Easiest way as above solution is not giving result in all scenarios. In addition I have used JAVA 8 .

public int removeElement(int[] nums, int val) {

int[] result = Arrays.stream(nums)

.filter(num -> num != val).toArray();
int j=0;
for(int i =0;i<result.length;i++){
nums[j] = result[i];
j++;
}
Arrays.stream(nums).forEach(System.out::println);
System.out.println("len"+j);
return j;

}

• Alik Elzin

Love the solution. Very clean.
I thought of using two indexes – and replacing the the removed value with the non-removed.
This changes the order but the question says it’s ok:
``` int removeInstancesInPlace(int[] arr, int value) { for (int i = 0, end = arr.length-1 ; i <= end;) { if (arr[i] != value) { i++; continue; }```

``` arr[i] = arr[end]; end--; } ```

``` return end; } ```

• ``` class Solution { public: int removeElement(vector& nums, int val) { int lastIndex = 0; for(int i = 0; i < nums.size(); i++) { if(nums[i] != val) nums[lastIndex++] = nums[i]; } return lastIndex; } }; ```

• skylogic

dude its not wrong logic is correct.

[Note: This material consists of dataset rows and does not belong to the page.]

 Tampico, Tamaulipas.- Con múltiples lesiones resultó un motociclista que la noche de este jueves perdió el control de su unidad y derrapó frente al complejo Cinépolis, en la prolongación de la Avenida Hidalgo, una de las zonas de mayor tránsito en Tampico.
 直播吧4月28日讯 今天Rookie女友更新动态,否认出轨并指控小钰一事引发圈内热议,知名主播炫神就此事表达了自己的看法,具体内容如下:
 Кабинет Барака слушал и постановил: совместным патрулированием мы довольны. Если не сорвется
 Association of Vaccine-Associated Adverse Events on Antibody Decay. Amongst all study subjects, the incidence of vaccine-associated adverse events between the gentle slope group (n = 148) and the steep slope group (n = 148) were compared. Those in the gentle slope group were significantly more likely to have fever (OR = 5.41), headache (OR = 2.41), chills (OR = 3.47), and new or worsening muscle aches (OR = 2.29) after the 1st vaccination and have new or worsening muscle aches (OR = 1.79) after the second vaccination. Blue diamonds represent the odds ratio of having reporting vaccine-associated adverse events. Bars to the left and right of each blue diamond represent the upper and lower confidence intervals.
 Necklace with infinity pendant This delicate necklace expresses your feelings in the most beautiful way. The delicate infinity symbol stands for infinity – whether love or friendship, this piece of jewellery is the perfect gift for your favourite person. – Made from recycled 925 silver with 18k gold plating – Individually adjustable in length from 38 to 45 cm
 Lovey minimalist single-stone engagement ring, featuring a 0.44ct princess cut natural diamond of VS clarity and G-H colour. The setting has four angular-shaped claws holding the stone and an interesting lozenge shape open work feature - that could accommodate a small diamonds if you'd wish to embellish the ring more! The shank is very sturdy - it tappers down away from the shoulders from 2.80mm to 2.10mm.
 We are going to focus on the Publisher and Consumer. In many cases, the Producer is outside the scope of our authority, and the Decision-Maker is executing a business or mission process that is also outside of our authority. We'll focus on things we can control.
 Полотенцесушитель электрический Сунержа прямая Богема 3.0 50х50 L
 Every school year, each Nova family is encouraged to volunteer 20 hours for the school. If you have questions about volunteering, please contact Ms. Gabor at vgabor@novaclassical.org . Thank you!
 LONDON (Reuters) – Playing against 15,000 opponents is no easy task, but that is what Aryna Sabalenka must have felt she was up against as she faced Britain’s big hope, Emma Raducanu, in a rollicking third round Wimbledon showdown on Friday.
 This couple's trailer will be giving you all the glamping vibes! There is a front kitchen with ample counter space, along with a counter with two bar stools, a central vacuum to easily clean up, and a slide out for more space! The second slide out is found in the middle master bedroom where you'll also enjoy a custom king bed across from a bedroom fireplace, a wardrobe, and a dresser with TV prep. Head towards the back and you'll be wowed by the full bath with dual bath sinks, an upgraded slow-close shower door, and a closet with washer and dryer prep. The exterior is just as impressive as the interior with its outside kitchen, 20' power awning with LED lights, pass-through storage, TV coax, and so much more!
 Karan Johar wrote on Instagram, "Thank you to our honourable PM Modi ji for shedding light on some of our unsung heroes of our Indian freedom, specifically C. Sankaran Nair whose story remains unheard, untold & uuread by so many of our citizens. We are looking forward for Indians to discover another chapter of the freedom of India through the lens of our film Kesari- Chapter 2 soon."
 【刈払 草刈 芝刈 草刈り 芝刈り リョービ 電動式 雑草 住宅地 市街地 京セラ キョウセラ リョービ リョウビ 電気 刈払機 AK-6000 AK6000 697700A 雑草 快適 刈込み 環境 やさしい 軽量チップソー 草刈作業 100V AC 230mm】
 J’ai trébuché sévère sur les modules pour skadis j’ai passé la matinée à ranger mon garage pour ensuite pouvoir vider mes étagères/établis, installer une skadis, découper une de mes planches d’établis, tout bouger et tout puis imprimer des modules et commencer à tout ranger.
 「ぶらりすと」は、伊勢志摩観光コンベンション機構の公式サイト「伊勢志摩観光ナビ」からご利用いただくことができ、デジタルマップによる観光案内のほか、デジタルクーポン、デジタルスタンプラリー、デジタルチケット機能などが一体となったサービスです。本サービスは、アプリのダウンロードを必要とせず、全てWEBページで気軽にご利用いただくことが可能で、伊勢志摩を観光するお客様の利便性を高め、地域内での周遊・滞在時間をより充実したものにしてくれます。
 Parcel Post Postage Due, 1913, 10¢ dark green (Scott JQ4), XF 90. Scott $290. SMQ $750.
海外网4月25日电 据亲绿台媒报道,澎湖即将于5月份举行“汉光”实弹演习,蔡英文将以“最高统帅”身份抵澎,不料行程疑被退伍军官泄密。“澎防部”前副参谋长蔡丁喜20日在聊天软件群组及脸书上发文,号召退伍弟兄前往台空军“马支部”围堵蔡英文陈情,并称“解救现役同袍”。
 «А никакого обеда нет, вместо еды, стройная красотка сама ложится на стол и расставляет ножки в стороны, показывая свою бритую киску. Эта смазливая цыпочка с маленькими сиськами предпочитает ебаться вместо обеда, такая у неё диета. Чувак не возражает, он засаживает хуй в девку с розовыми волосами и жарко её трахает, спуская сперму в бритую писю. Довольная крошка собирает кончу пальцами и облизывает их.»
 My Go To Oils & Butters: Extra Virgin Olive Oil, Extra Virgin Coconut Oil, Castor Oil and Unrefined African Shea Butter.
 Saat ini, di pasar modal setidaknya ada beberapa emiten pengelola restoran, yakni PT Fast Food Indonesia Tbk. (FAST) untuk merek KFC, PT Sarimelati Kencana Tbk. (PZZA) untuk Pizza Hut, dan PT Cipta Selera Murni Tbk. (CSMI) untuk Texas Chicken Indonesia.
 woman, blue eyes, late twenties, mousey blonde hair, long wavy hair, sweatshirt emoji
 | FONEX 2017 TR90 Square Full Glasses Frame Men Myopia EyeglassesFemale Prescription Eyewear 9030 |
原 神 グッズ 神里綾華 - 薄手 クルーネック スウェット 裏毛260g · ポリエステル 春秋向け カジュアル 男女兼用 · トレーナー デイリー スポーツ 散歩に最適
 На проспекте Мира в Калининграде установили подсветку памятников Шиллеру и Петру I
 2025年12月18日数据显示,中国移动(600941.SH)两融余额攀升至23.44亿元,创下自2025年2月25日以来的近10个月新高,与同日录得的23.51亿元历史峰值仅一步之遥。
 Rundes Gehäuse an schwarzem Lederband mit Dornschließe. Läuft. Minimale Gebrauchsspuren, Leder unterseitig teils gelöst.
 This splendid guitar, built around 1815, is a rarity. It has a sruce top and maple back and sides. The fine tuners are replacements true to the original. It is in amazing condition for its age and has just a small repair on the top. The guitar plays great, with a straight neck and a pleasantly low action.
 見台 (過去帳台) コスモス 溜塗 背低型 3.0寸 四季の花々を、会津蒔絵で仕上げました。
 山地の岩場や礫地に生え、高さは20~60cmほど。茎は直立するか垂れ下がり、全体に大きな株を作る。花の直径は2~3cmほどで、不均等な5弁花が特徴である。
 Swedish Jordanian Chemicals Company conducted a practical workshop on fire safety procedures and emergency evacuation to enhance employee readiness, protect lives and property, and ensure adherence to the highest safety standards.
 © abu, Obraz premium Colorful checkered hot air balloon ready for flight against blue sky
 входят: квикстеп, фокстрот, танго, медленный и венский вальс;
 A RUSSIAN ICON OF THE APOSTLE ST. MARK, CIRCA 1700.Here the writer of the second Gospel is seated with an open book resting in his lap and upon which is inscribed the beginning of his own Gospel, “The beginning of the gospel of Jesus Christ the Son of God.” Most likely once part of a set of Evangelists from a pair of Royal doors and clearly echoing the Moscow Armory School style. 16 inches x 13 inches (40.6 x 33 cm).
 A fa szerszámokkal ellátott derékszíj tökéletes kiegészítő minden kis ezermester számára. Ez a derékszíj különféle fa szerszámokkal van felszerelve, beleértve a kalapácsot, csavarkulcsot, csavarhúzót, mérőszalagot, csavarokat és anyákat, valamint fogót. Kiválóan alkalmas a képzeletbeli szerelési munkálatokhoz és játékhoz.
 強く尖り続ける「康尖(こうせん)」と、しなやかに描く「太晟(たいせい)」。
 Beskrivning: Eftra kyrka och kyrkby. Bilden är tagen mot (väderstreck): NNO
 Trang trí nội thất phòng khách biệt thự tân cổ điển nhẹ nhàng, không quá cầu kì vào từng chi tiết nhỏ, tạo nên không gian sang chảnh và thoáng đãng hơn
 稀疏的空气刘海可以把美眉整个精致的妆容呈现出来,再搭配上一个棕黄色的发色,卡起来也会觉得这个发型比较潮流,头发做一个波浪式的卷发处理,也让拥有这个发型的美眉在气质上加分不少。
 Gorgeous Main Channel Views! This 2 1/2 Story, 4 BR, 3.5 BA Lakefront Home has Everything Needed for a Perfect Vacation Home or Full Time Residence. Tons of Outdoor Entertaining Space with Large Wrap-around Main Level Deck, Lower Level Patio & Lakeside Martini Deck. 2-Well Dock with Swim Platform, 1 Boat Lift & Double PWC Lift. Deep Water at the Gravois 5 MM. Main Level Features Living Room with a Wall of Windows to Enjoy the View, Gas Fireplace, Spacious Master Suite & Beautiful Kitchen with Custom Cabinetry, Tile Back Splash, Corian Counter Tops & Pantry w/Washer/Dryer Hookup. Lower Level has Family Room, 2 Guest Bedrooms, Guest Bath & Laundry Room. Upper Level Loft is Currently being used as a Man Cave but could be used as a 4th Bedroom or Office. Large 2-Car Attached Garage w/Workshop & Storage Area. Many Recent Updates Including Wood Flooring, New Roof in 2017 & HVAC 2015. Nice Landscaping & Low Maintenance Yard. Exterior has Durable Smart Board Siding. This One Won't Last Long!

I dont get your point why the array you provide is not consistent with this code since i pass all testcases on leetcode with this similar logic code

• lala

public class Solution {

public int removeElement(int[] nums, int val) {

if(nums == null || nums.length == 0){

return 0;

}

int i = 0, j = nums.length -1;

while(i<= j){

if (nums[i] == val){

if(nums[j] ==val){

j–;

continue;

}else{

nums[i] = nums[j];

j–;

}

}

i++;

}

return i;

}

}

• NEWLIGHT

This solution is incorrect. You cannot ensure all duplicates would be removed not using another array or a default value for these duplicate values. Consider using this method with the int [ ] {2, 7, 7, 4}. The logic will not remove any of the duplicates.